── DATA FOR THIS TASK ──

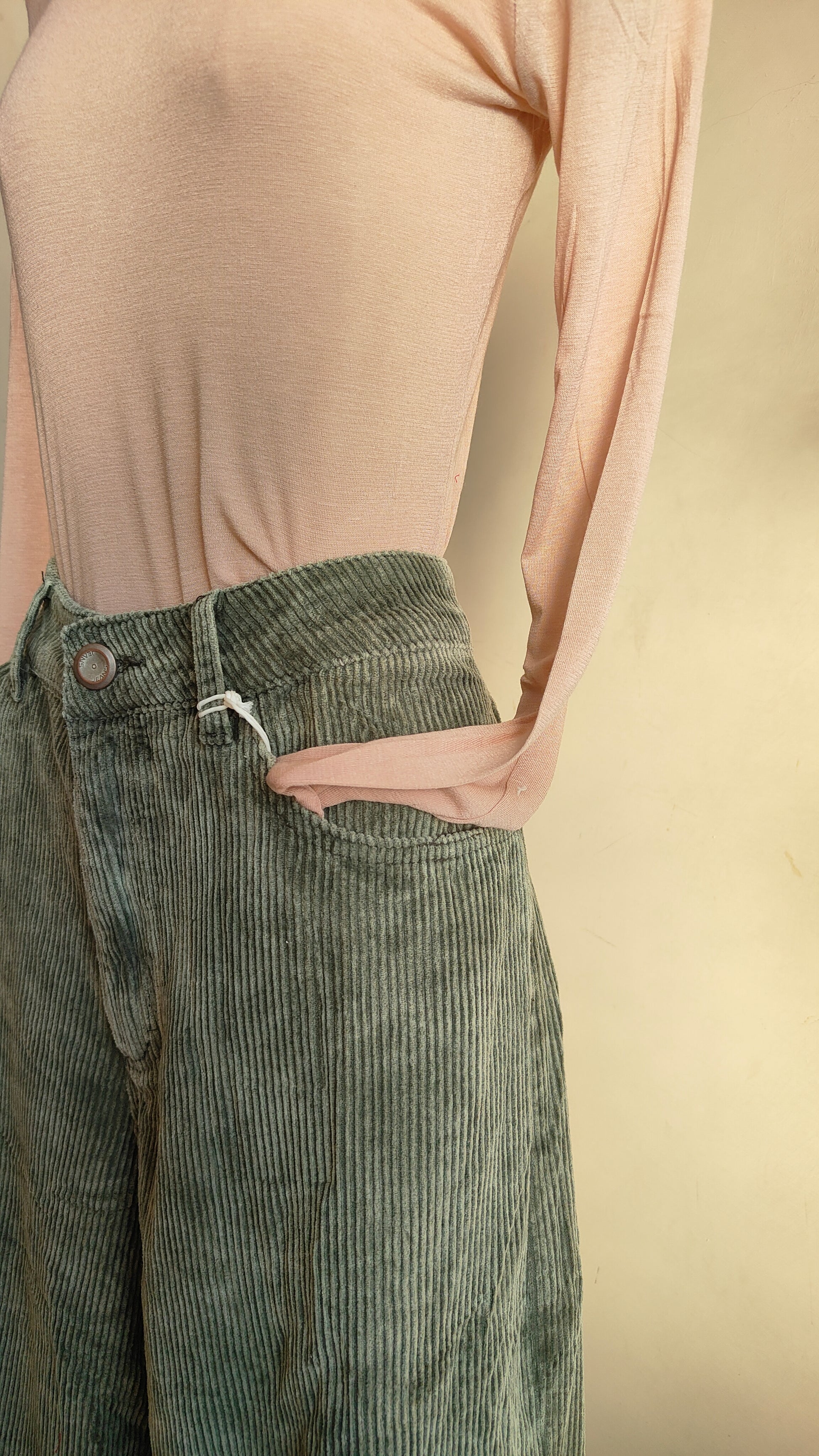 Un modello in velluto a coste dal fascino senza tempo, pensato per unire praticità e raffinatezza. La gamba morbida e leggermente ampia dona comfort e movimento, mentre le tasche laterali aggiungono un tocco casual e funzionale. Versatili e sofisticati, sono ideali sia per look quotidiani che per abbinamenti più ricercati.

───
── DATA FOR THIS TASK ──

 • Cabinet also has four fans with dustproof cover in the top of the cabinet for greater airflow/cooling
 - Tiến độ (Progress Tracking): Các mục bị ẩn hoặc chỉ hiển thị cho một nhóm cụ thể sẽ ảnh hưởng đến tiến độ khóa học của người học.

───

## WORK ORDER
Everything above from the line containing "for greater airflow/cooling" down to the line containing "- Tiến độ (Progress" is to be transcribed exactly, with both of those lines included and nothing else added.

## PROBLEM SOLUTION
 • Cabinet also has four fans with dustproof cover in the top of the cabinet for greater airflow/cooling
 - Tiến độ (Progress Tracking): Các mục bị ẩn hoặc chỉ hiển thị cho một nhóm cụ thể sẽ ảnh hưởng đến tiến độ khóa học của người học.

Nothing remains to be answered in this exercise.